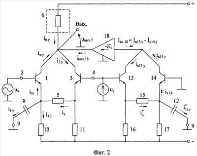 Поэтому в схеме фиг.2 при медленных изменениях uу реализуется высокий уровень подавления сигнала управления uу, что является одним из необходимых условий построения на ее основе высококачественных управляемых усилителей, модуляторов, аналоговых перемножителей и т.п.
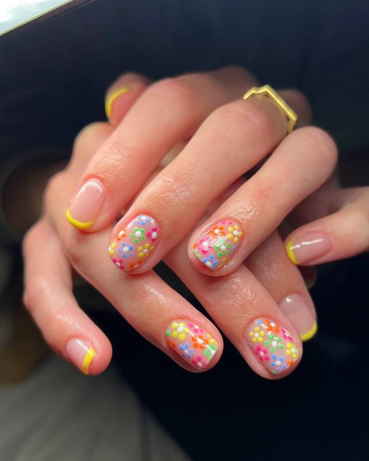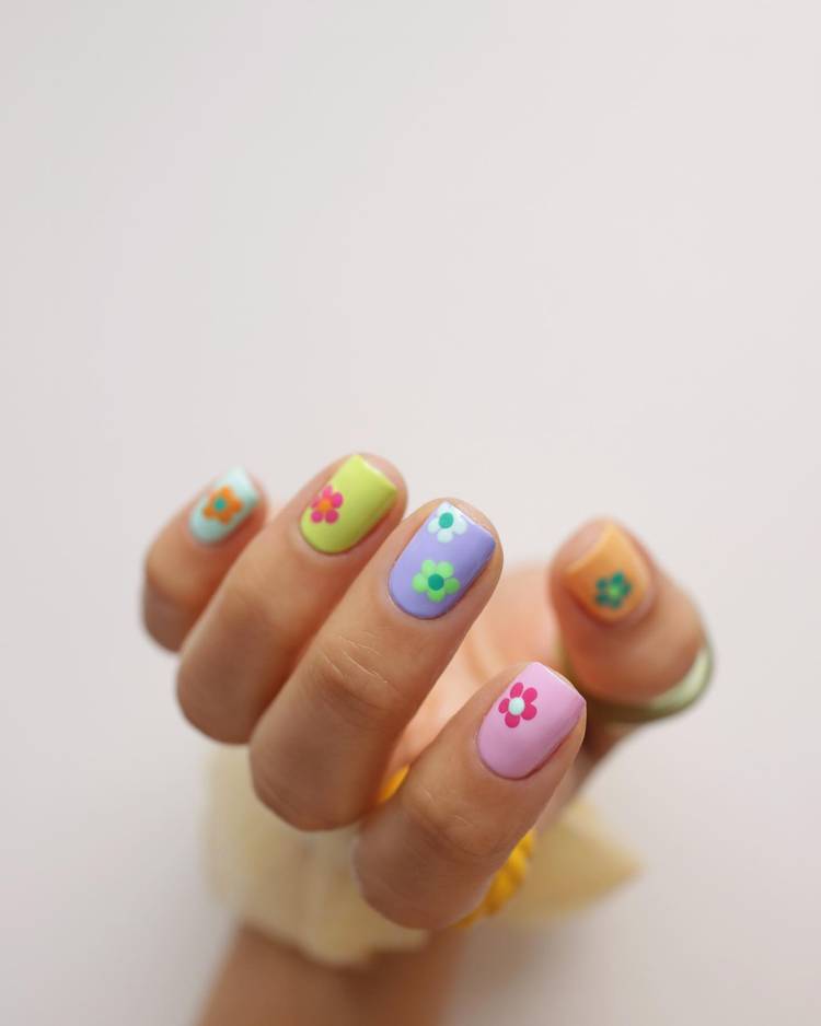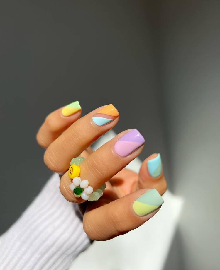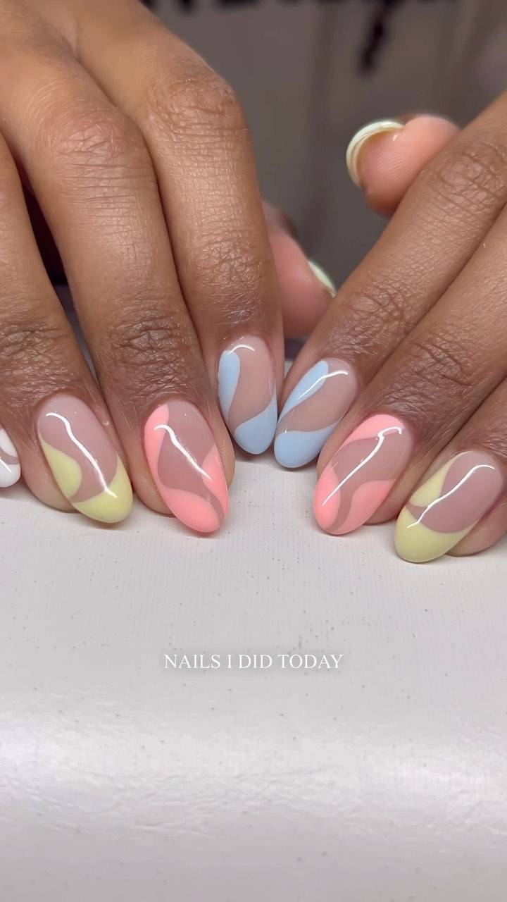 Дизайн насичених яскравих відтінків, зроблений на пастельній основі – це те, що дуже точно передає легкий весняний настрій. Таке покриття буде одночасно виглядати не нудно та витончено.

--

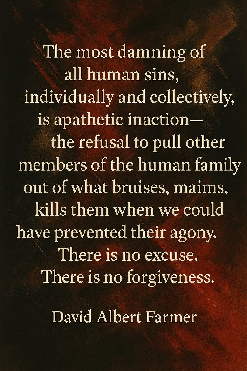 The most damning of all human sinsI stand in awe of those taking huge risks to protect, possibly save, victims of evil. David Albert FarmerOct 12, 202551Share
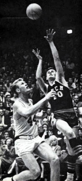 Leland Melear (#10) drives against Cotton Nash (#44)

WORK TO COMPLETE: What's needed is an exact copy of the lines above from the one with "The most damning" through the one with "Leland Melear (#10)", both included; the pictures stay out.

COMPLETED EXERCISE:
 The most damning of all human sinsI stand in awe of those taking huge risks to protect, possibly save, victims of evil. David Albert FarmerOct 12, 202551Share
 Leland Melear (#10) drives against Cotton Nash (#44)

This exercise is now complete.